The FDA stated the recall was issued because the Biomet bone growth stimulator, or the Spinal Fusion Stimulators, may release “higher than allowed levels of potential harmful chemicals, which may be toxic to tissues and organs.”

Class I recalls are only reserved for medical products that can potentially result in serious injury or death, making certain Biomet bone growth stimulator models potentially dangerous to patients.

The Zimmer Biomet bone growth stimulator recall affects products with certain serial numbers that were manufactured between Oct. 11, 2016 and Jan. 18, 2017, and were distributed between March 28, 2017 and April 6, 2017.

Zimmer Biomet initiated the Biomet bone growth stimulator recall on April 20, 2017, when the company had sent an Urgent Medical Device Removal notification letter to customers. The recall affects the SpF PLUS-Mini and SpF XL Llb Implantable Spinal Fusion Stimulators.

According to Zimmer Biomet, the dangerous chemical levels were discovered during a routine monitoring procedure.

During this time, the company discovered dangerously high levels of certain chemicals that could induce organ or tissue damage.
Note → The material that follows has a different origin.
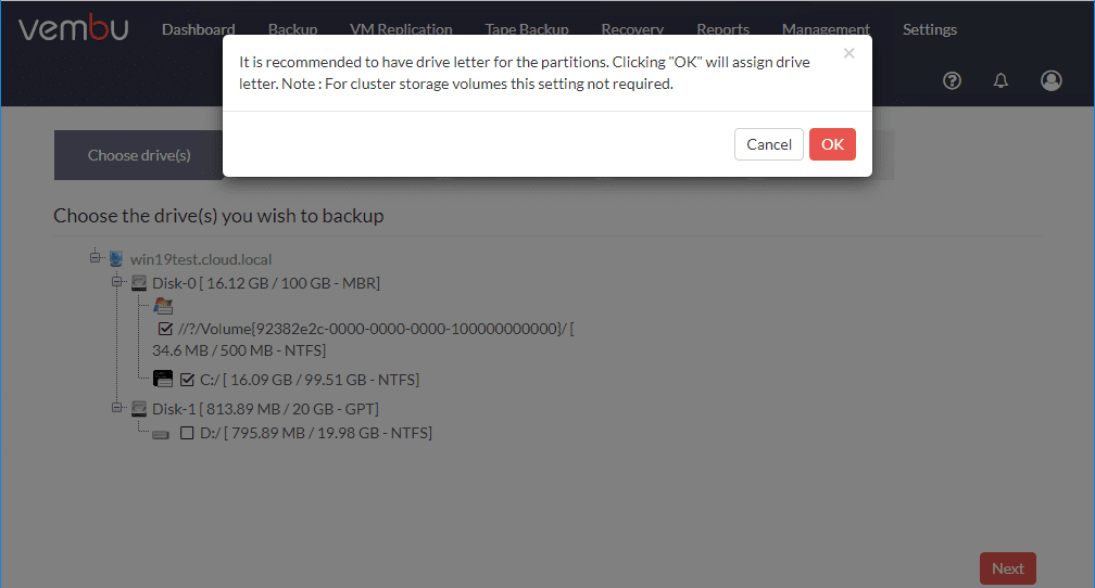 Vembu will assign a drive letter to the system reserved partition for backup purposes.

The complications associated with the chemicals inside the Biomet bone growth stimulator products include:

• Cytotoxicity (a toxicity that occurs in tissues and organs)
• Chronic infections
• Long-term hospitalization
• Need for additional surgeries
• Paralysis
• Death

In total, Zimmer Biomet identified 33 different serial numbers affected by the Biomet bone growth stimulator recall.

Hospitals and other healthcare facilities that still have any of the devices affected by the recall are instructed to quarantine them and later arrange for them to be removed from the facilities.

Overview of Zimmer Biomet Bone Growth Stimulator

The Zimmer Biomet bone growth stimulator devices are primarily used for spinal fusion purposes as they help connect patients’ spines. These devices are directly implanted into the patients’ backs during spinal surgery to increase the likelihood that two or more of the vertebrae bones will connect.

The spinal connection process is encouraged through continuously applied electrical charges to the surgical site. Since spinal fusion surgery is a major surgery, physicians only advise this to patients when no other options are possible.

If given proper assistance from the Biomet bone growth stimulator product, the bones should grow together quicker than if unassisted.

According to spine-health.com, the spinal fusion stimulator is a small medical device that is implanted underneath the skin, typically for six to twelve months. This device provides electrical stimulation to the surgical area to help the bone tissue connect faster.

This process is supposed to restore the patient’s spine along with all the vital functions attached to the bone. However, the dangerous chemicals found in the Zimmer Biomet bone growth stimulator could result in potentially fatal complications for patients.

Patients who may have developed tissue or organ damage because of Biomet bone growth stimulator devices may be able to file legal action against the company.